Mayor: Knock Off the Knockoffs
This article is from the archive of The New York Sun before the launch of its new website in 2022. The Sun has neither altered nor updated such articles but will seek to correct any errors, mis-categorizations or other problems introduced during transfer.

Sacks and drugs.
You want to talk addictions? Drugs, you knew. But sacks — handbags, purses — are the next frontier. Every day, another sweet-face gal gets hooked on some high-price pocketbook she can’t afford. Pretty soon she’s jonesing so bad for Marc Jacobs, she’s willing to break the law.
She comes to New York and buys a counterfeit.
Yesterday, Mayor Bloomberg held a press conference to announce a seizure of $1 million worth of just such ganja — er, goods — down in Chinatown’s notorious “Counterfeit Triangle” (32 storefronts bounded by Canal, Walker, and Centre streets). Most of the booty had already been hauled away in tractor trailers, but a goodly sample was arrayed around the podium, prompting one reporter to ask: “What are you going to do with it now?”

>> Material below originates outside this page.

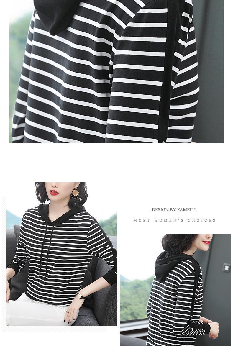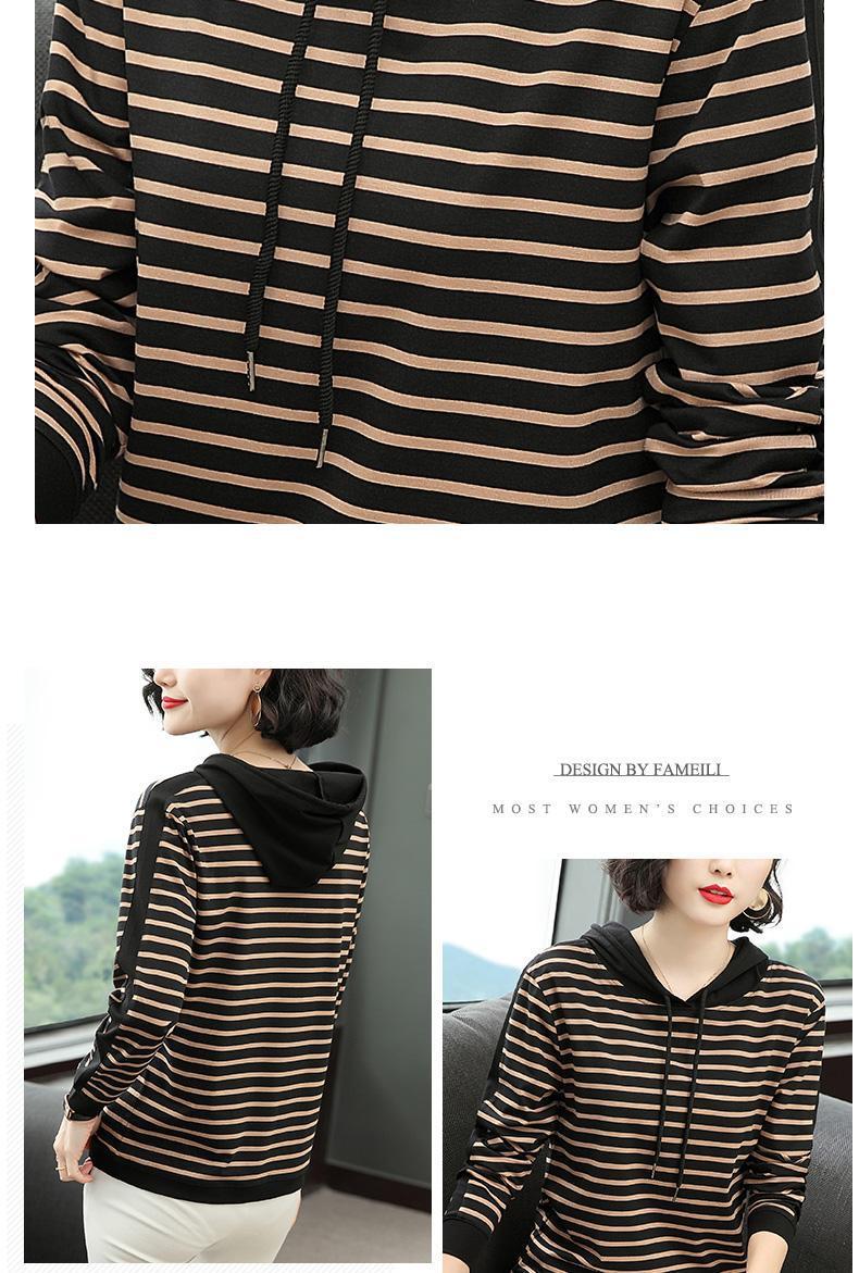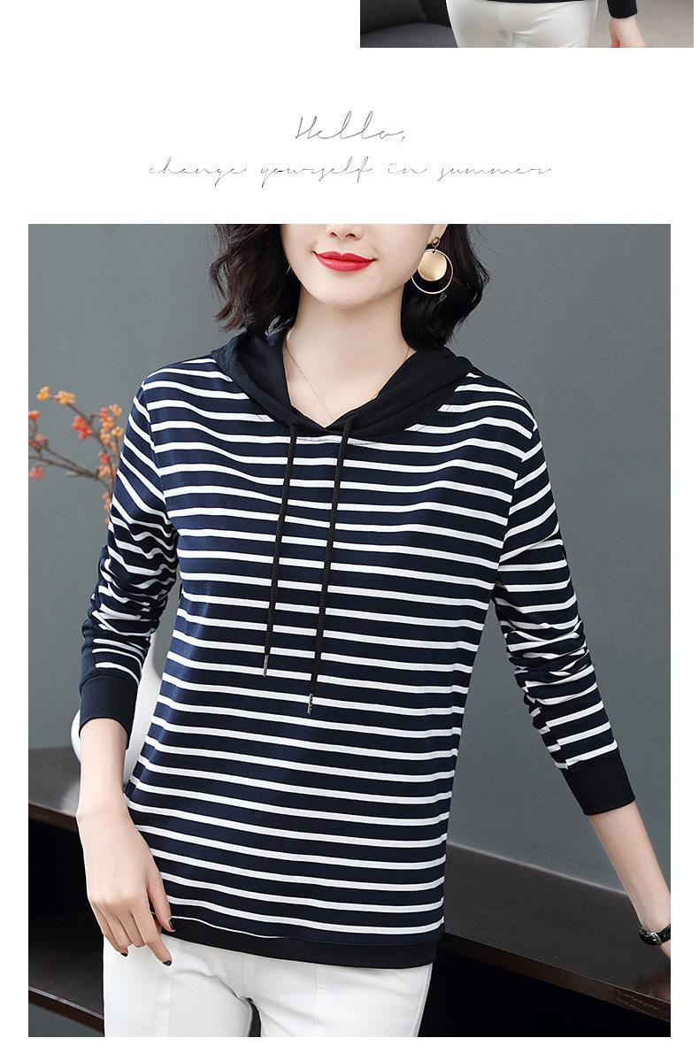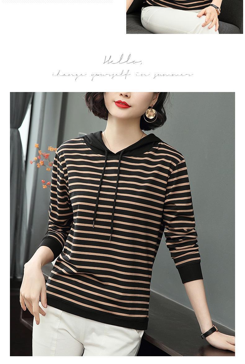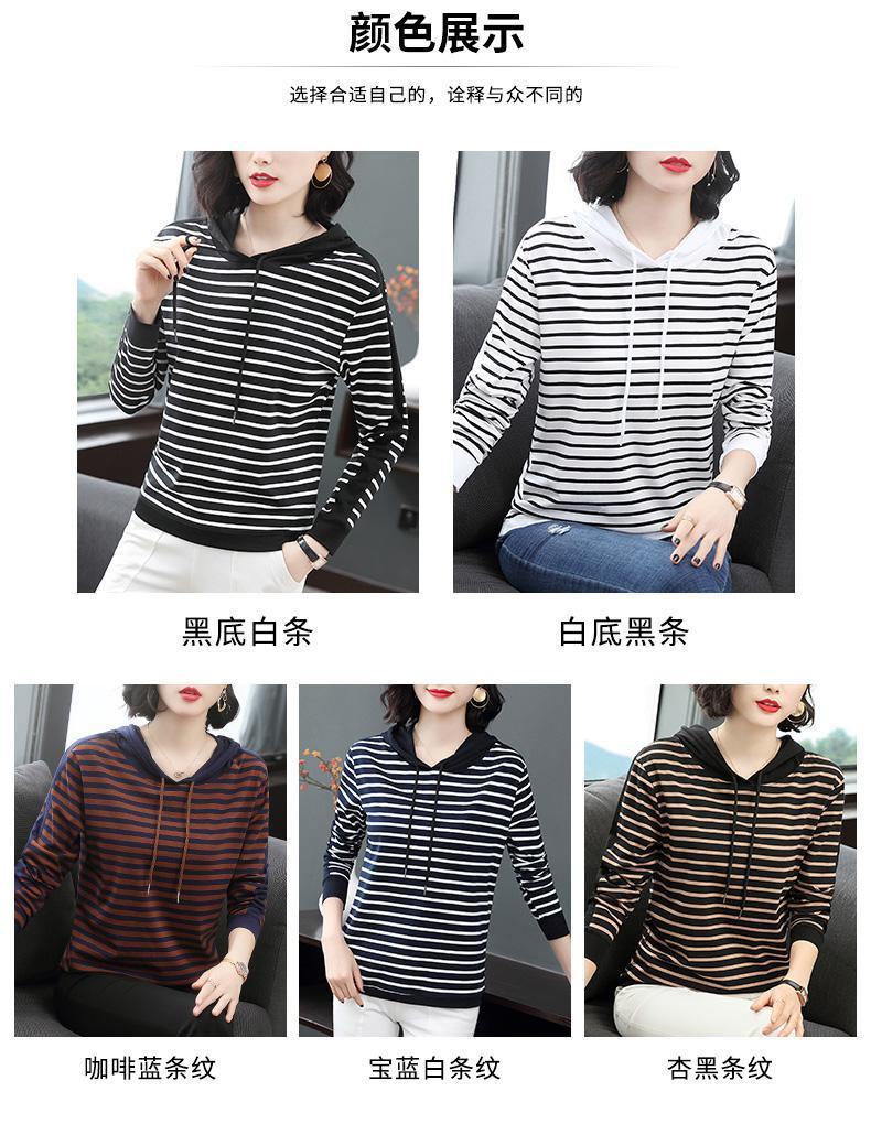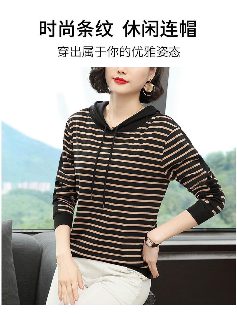 时尚条纹连帽长袖T恤2025春秋新款百搭大码女装显瘦文艺复古上衣

“You want to buy some?” the mayor asked.
I’d swear I saw some heads nod.
Look, if there’s $1 million of fake goods stashed along one dingy strip of Chinatown, you know that, just like crack, there’s plenty more where that came from. Nationally, counterfeiting is a multibillion-dollar business.
That means loads lost in tax revenues, of course. And smuggling. And organized crime. But even more galling, somehow, is that some companies have been counterfeited so prodigiously that none of their stuff looks like the real McCoy. I see someone with a Hermès handbag and, unless it’s Carla Bruni, I just assume she got it on Canal Street.
“Counterfeiting has been with us for hundreds of years,” an attorney who works with Rolex, Brian Brokate, said. “But the mid-1980s is when the American consumers began to have a real thirst for branded goods, luxury goods.” That’s when counterfeiters started turning their attention to the new coin of the realm: labels.
Today, Mr. Brokate said, “each new brand that comes of age is going to have a counterfeit problem at some point. It’s not a passing fad.”
No, the fad part seems to be the new attitude shoppers have toward buying these knockoffs. Any shame seems to have been replaced by glee.
“If I had told my mother 10 years ago, ‘Oh, mom, I’m going to go to New York to shop,’ it would have been, ‘Drive to New York? It takes us six hours!'” a fashion professor at Virginia Commonwealth University, Holly Price Alford, said. “Now she’ll hop in the car to get a knockoff.”
When that woman gets home, it’s anybody’s guess what she’ll tell her friends. There’s joy in appearing rich, but there’s also joy (don’t I know it!) in bagging a bargain. And now there’s a new kind of joy, too.
“You get sort of a double punch,” consumer anthropologist Robbie Blinkoff said. “It’s like, ‘I wouldn’t be caught dead with a Louis Vuitton, because I’m not actually a Louis Vuitton person. I’m a Louis Vuitton person who’s smarter than that.'”
Irony, elitism, hipster-ism, penny pincher-ism — they’re all rolled into one. And what they’re rolled into looks lovely.
“The fakes used to just slap the name Prada on whatever,” an editor at stylediary.net, Patricia Handschiegel, said. “But now they actually make the bags look like the ones in the collection.”
Knockoffs have gotten so good, I met a customer in the Gucci store on Fifth Avenue who buys fake and real Guccis almost indiscriminately. “I just like them,” she said. Though, she warned, “if you wear a knock-off, the handles start fraying.”
Around us, the shelves were gleaming with non-fraying bags costing thousands of bucks, some heartbreakingly beautiful, some looking just like the ones on the street. Why pay a fortune for them?
“You don’t have a right to steal somebody’s property just because you think it’s overpriced,” the mayor chided at his press conference.
We don’t? Well then, what do we have a right to steal?
Oh. I get it. Goodbye, Canal Street. Hello, rehab.